Speaking from experience. 5.56 is a poor caliber outside of 100 meters. Not a well discussed fact but still a FACT. After 100m 5.56 standard issue can no longer perform its key characteristics.
Let me explain in short notes from experience what happens to 5.56 standard issue ammunition once the target is beyond 100m. Every point below applies to
Beyond 100m.
2 key topics - Stability and Velocity.
- 5.56 over-stabilizes when it hits soft tissue / and under-stabilizes when it hits hard surface. This means when it hits flesh, it stabilizes itself even more, no tumble or yaw. When it hits things like walls, it tumbles/yaws. What good is a round that no longer flies point first when it hits soft vehicles/doors/walls/body armor etc. Compare this issue to Russian 5.45 (which is far superior when it comes to combat application). The Russian 5.45 under-stabilizes when it hits soft tissue, and over stabilizes when it hits hard surface.
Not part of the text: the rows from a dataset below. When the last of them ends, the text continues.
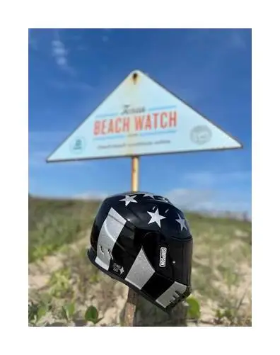 Designed 100% with motorcycle riders in mind, the Simpson Ghost Bandit Helmet blends the classic tough-guy Bandit styling combined with features riders have come to expect from a proper lid. The Sting Rae graphic proudly emblazons the stars and stripes with metallic flake paint that shines as bright as the dawn’s early light. The Ghost Bandit is prepared to handle just about any type of riding while providing edgy styling and complete comfort. The lightweight shell has been aerodynamically tuned for motorcycle riding and is fully ventilated for maximum airflow when you need it most. Integrated speaker and microphone pockets make it easy to install your favorite communication device and a drop-down sun visor makes riding through changing light conditions as easy as flipping a switch.
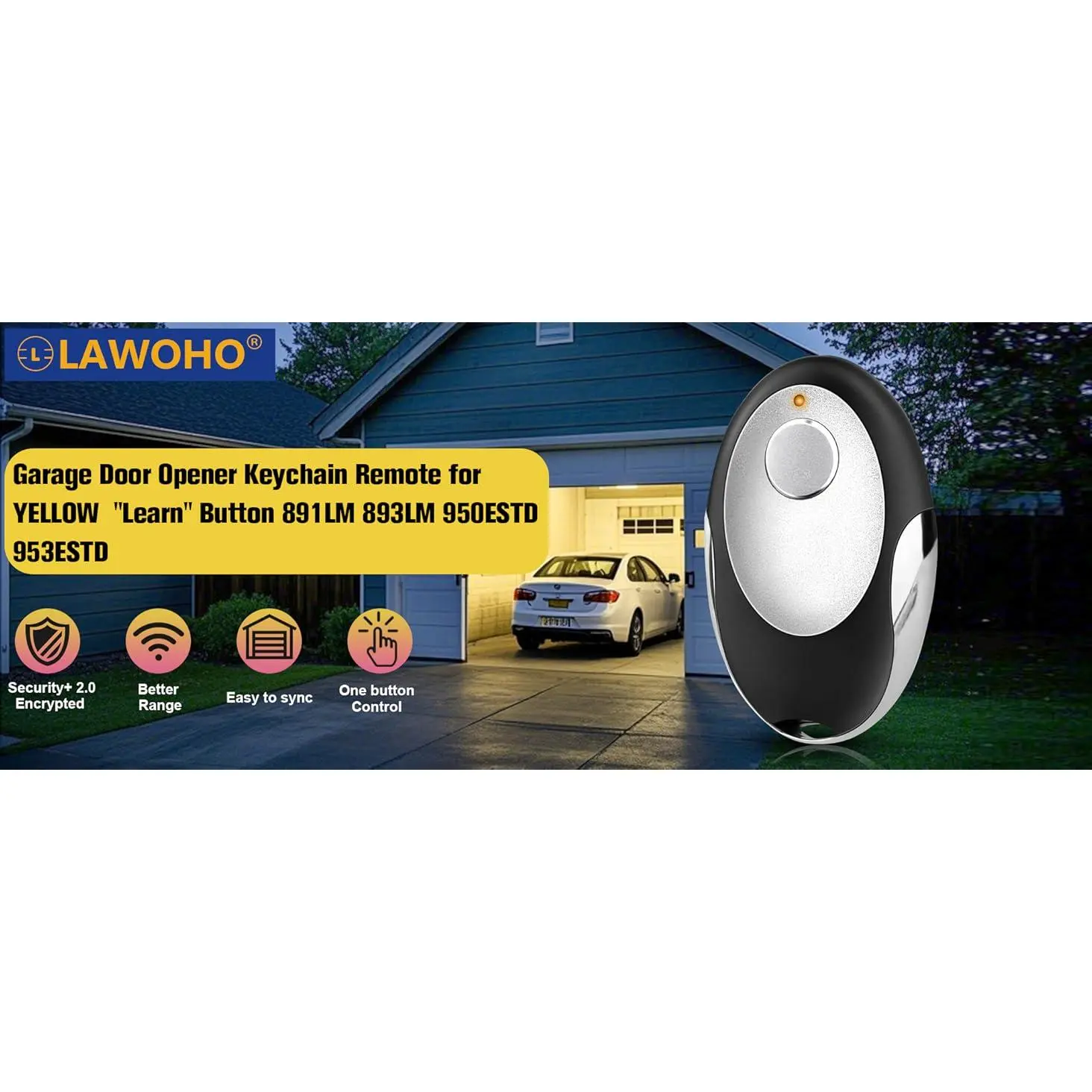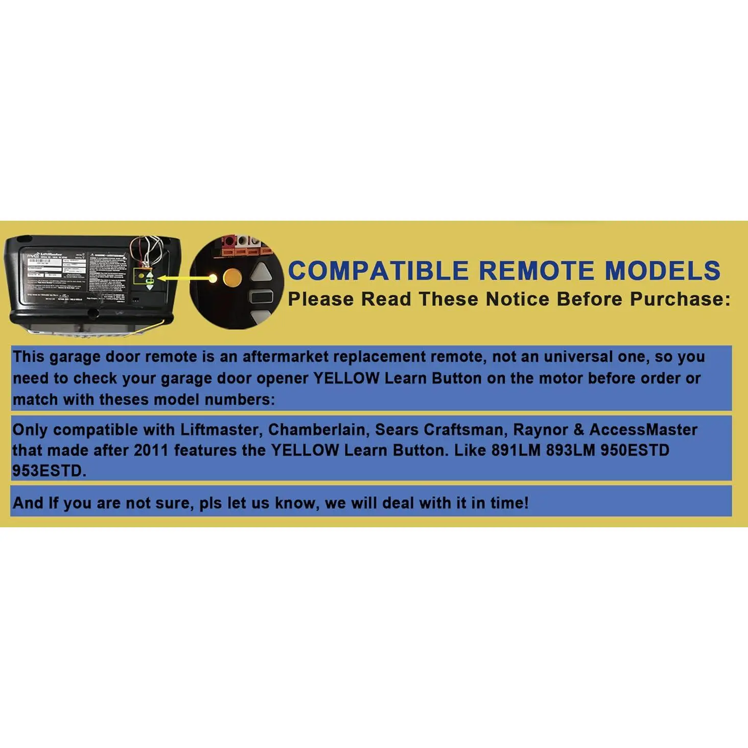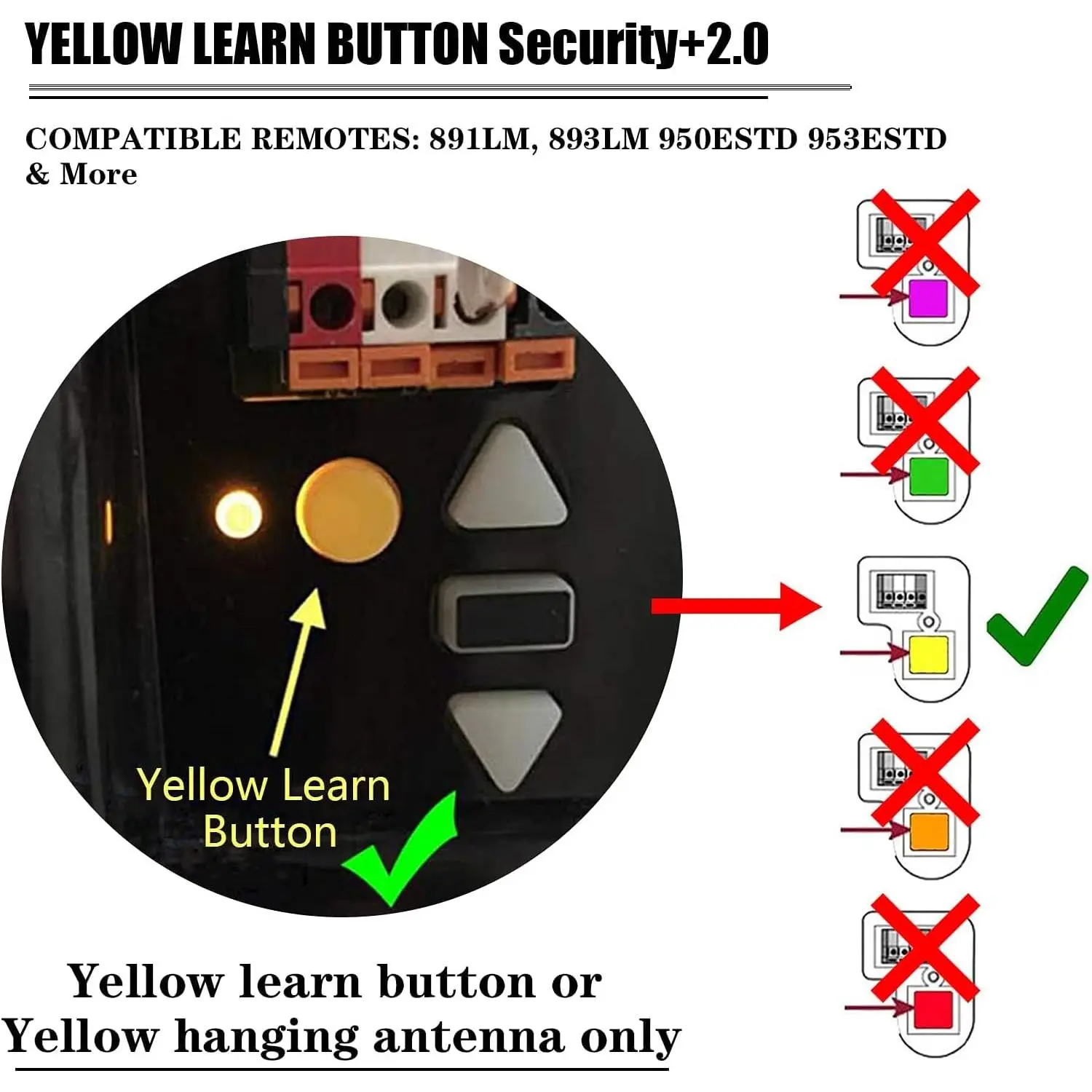 COMPATIBLE WITH YELLOW BUTTON COLORS ONLY - This remote is an after-market replacement remote, not a universal one, only compatible with Yellow Learn Button Security+2.0 on the motor unitREPLACEMENT REMOTES MODELS - It can only work for most standard Chamberlain, Liftmaster, Sears Craftsman, Raynor & AccessMaster that made after 2011 features the YELLOW Learn button.891LM 893LM 950ESTD 953ESTD & MoreLATEST RF TECHNOLOGY & STRONG SECURITY ENCRYPTED DESIGN - Ensure better range + Security+ 2.0 + Rolling code technology to protect your home’s access and connection1 BUTTON SIMPLE MINI ELLIPSE REMOTES + HIGH QUALITY MATERIALS - It is small enough to fit well on a keychain, pocket, backpack, easy to carry.Plus metal reinforced key chain frame, more solid and beautiful than a bulky, 100% plastic remoteEXCELLENT AFTER-SALES SERVICE - If there has any problem after you buy the remote, we will provide professional customer service to deal with it in time.Even pay the full money back to you#91,648 in Tools & Home Improvement (See Top 100 in Tools & Home Improvement)# 411 in Garage Door Keypads & Remotes#91,648 in Tools & Home Improvement (See Top 100 in Tools & Home Improvement)# 411 in Garage Door Keypads & Remotes
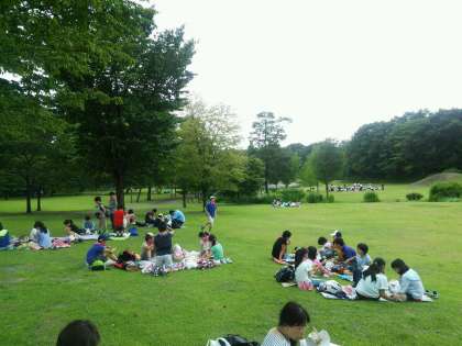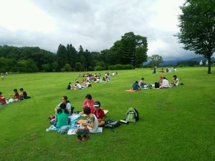 だいや公園につきました。予定より早く到着しました。お弁当を食べて、原っぱで遊びました。
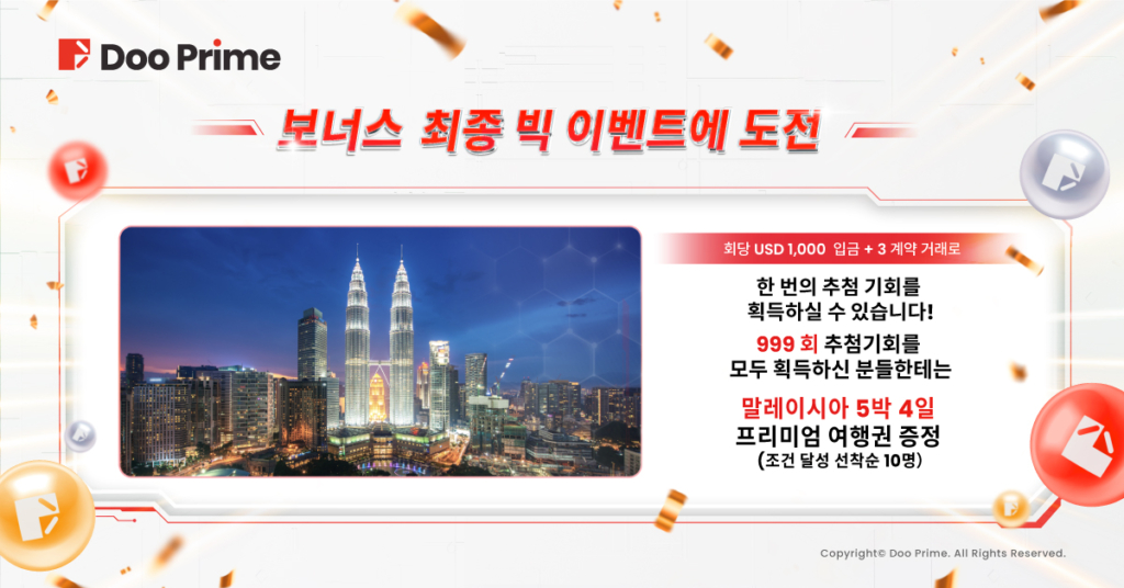 Doo Prime은 본 글로벌 연중 대 추첨 이벤트에 추가로 최종 이벤트 상을 준비하였습니다.많은 참여 부탁드립니다!999회 추첨 기회를 누적하신 첫 10명 고객님은 Doo Travel 말레이시아 5박 4일 프리미엄 여행권을 획득하실수 있습니다! Doo Prime은 이번 여행을 통해 고객님과 아름다운 글로벌 거래의 미래를 한 단계 더 그려나갈것을 기원합니다.

So if Russian 5.45 hits flesh it tumbles/yaws causing severe trauma often requiring field hospital treatment/death. When it hits walls, doors, body armor, it over stabilizes and stays flying straight wit its tip pointed forward - increasing penetration capability. Which round would you prefer to shoot at someone in a house or wearing armor with ?
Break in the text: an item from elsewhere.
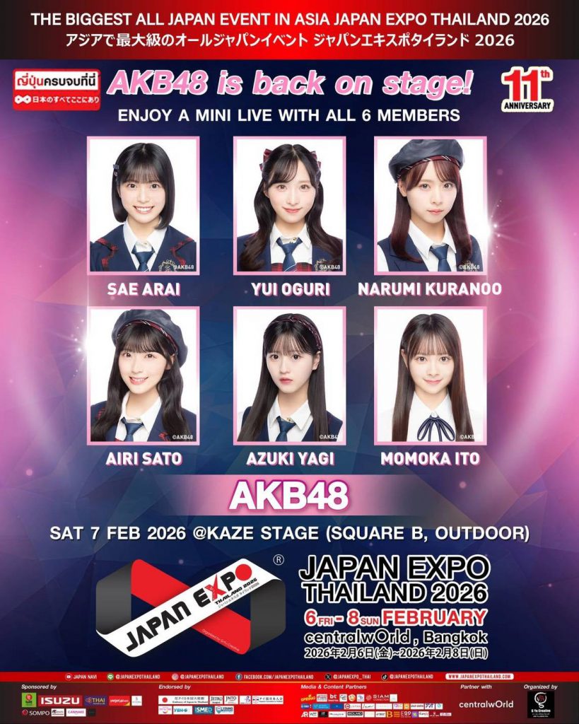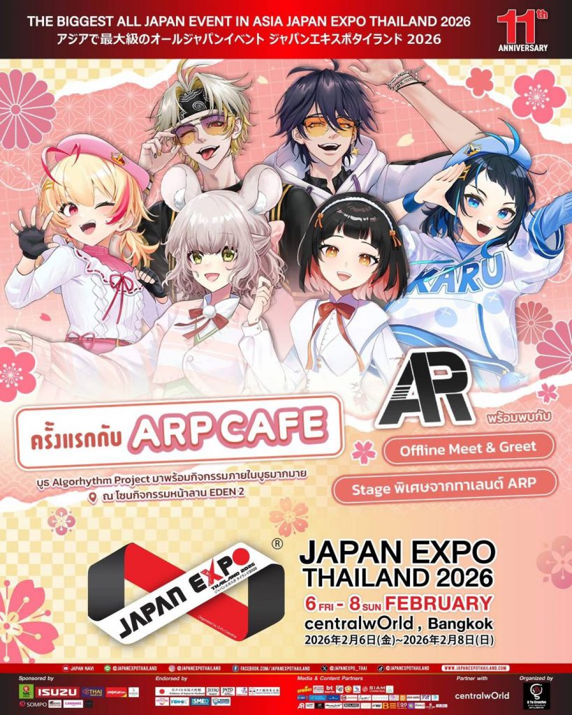 JAPAN EXPO THAILAND 2026 – 11 ปีแห่งความสัมพันธ์ไทยญี่ปุ่น โดยJAPAN EXPO THAILAND ก้าวเข้าสู่ปีที่ 11 อย่างยิ่งใหญ่ ภายใต้ธีม “Japan Thai United as One – ญี่ปุ่นไทยรวมใจเป็นหนึ่งเดียว” รวบรวมความเป็นญี่ปุ่นในทุกมิติทั้งวัฒนธรรม ดนตรี แฟชั่น อาหาร เกม และเทคโนโลยี Soft Power จากญี่ปุ่นสู่ใจกลางกรุงเทพฯ ระหว่างวันที่ 6 – 8 กุมภาพันธ์ 2569 ณ ศูนย์การค้าเซ็นทรัลเวิลด์ ตั้งแต่เวลา 10.00 – 21.00 น. เต็มอิ่มตลอด 3 วัน

- Now before someone brings up the 5.56 rounds key advantage, fragmentation on impact on soft tissue. Let me inform you, this no longer occurs beyond 100m. After a 100m the velocity is lost to force the round to strip its jacket on impact with soft tissue. So the round punches a tiny clean hole in soft tissue. This is why you hear stories of taliban etc getting up and fighting after getting hit. Its because the 5.56 has lost the velocity to fragment inside the flesh and has gone straight through them causing minor injury that stitches can fix (as long as organs weren't hit etc)
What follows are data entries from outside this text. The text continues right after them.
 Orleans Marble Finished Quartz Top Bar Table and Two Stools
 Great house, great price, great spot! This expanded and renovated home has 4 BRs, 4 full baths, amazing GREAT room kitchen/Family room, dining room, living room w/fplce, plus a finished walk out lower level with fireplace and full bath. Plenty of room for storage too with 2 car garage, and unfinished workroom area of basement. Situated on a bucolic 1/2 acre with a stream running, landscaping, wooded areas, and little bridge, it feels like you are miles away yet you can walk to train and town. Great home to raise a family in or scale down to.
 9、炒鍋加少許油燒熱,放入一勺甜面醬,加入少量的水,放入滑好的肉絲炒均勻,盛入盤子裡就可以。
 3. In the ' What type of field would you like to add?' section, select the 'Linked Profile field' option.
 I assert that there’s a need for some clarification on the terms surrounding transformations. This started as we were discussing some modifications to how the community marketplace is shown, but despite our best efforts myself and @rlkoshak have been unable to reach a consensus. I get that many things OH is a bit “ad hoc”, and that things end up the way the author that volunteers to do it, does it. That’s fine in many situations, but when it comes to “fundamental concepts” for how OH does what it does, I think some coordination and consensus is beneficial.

The above are the direct findings of testing completed in 4th Army in 2009/2010 on all calibers in use in TR military and also some extra calibers that are encountered in the calibers.
The only reason our military uses 5.56 in some applications where as others have pointed out here 7.62 is not a good choice, is because of logistics and logistics alone. That is all.
If it were logistically feasible to change to something that provided the same advantages as a light round like the 5.56 when it comes to ergonomics and ease of use/carraige. It would be adopted. We simply dont have any other option.